Input data:
★ ★ ★ ★
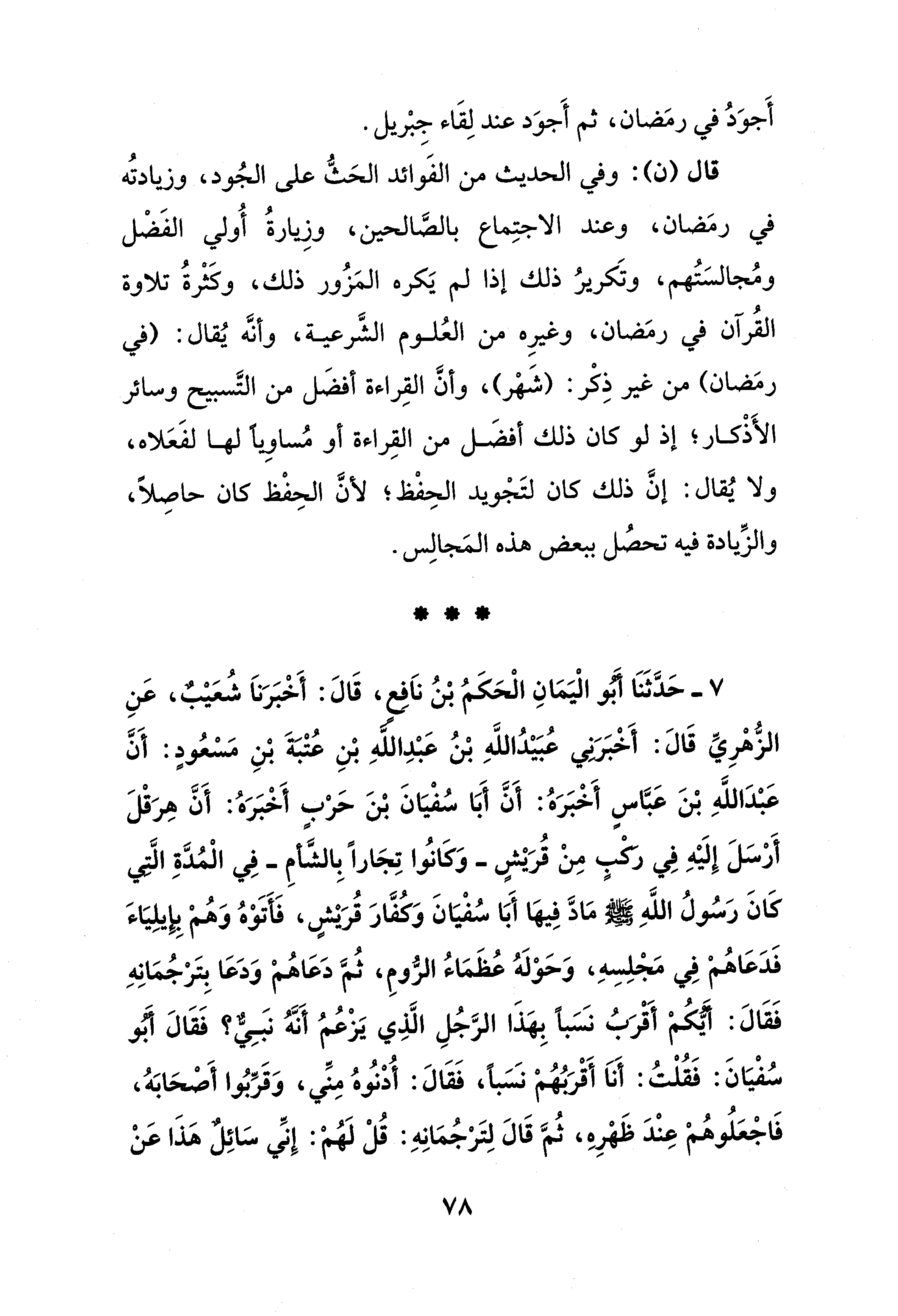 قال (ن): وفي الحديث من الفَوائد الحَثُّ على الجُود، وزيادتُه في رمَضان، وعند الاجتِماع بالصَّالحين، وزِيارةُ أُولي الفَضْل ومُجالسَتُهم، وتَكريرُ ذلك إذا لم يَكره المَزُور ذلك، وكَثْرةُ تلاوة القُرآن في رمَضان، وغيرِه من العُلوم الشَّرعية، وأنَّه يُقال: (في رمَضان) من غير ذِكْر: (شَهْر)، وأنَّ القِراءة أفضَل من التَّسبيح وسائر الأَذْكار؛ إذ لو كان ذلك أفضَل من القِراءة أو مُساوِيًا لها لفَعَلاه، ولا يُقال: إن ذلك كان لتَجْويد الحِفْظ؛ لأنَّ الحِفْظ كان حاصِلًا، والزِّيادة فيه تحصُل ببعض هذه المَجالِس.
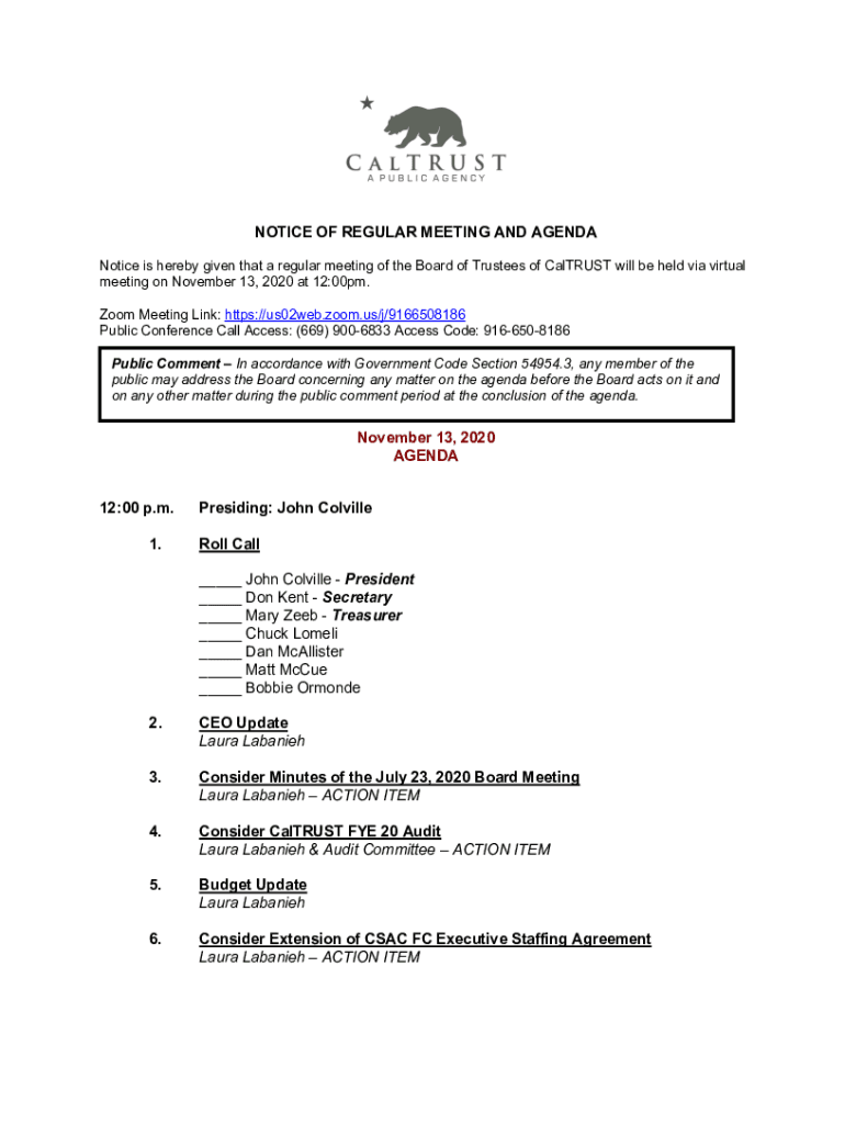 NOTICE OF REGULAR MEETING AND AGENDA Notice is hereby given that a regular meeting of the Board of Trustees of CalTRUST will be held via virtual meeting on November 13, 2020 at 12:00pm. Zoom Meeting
★ ★ ★ ★
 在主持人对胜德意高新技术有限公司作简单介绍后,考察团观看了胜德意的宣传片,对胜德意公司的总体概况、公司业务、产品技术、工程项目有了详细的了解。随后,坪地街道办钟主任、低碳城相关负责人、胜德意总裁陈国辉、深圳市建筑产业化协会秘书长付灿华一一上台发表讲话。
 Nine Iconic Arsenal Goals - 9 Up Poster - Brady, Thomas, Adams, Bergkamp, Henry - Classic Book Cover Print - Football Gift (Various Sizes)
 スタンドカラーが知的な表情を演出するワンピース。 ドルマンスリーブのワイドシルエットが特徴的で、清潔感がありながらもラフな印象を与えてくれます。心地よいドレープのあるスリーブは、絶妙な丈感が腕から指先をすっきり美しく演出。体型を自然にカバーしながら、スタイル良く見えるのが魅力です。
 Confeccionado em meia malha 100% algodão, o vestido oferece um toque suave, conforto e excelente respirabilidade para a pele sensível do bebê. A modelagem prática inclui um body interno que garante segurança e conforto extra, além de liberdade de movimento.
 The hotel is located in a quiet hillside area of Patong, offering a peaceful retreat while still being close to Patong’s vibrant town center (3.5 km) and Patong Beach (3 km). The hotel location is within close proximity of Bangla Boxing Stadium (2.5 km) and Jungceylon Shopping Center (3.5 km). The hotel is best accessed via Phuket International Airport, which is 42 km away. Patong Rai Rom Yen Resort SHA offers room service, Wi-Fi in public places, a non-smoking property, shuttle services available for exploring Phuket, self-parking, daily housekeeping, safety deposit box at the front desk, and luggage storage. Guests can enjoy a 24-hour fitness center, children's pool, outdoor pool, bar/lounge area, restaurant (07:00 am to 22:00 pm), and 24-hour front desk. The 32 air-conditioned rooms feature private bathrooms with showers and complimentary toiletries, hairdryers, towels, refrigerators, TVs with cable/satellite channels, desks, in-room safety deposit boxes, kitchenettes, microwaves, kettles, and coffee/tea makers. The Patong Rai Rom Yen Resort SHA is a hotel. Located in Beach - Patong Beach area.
★ ★ ★ ★
Aim of the exercise: Everything above from the line that has "قال (ن): وفي" down to the line that has "NOTICE OF REGULAR" should be output exactly, with both of those lines included. Leave the pictures behind.

Expected answer:
 قال (ن): وفي الحديث من الفَوائد الحَثُّ على الجُود، وزيادتُه في رمَضان، وعند الاجتِماع بالصَّالحين، وزِيارةُ أُولي الفَضْل ومُجالسَتُهم، وتَكريرُ ذلك إذا لم يَكره المَزُور ذلك، وكَثْرةُ تلاوة القُرآن في رمَضان، وغيرِه من العُلوم الشَّرعية، وأنَّه يُقال: (في رمَضان) من غير ذِكْر: (شَهْر)، وأنَّ القِراءة أفضَل من التَّسبيح وسائر الأَذْكار؛ إذ لو كان ذلك أفضَل من القِراءة أو مُساوِيًا لها لفَعَلاه، ولا يُقال: إن ذلك كان لتَجْويد الحِفْظ؛ لأنَّ الحِفْظ كان حاصِلًا، والزِّيادة فيه تحصُل ببعض هذه المَجالِس.
 NOTICE OF REGULAR MEETING AND AGENDA Notice is hereby given that a regular meeting of the Board of Trustees of CalTRUST will be held via virtual meeting on November 13, 2020 at 12:00pm. Zoom Meeting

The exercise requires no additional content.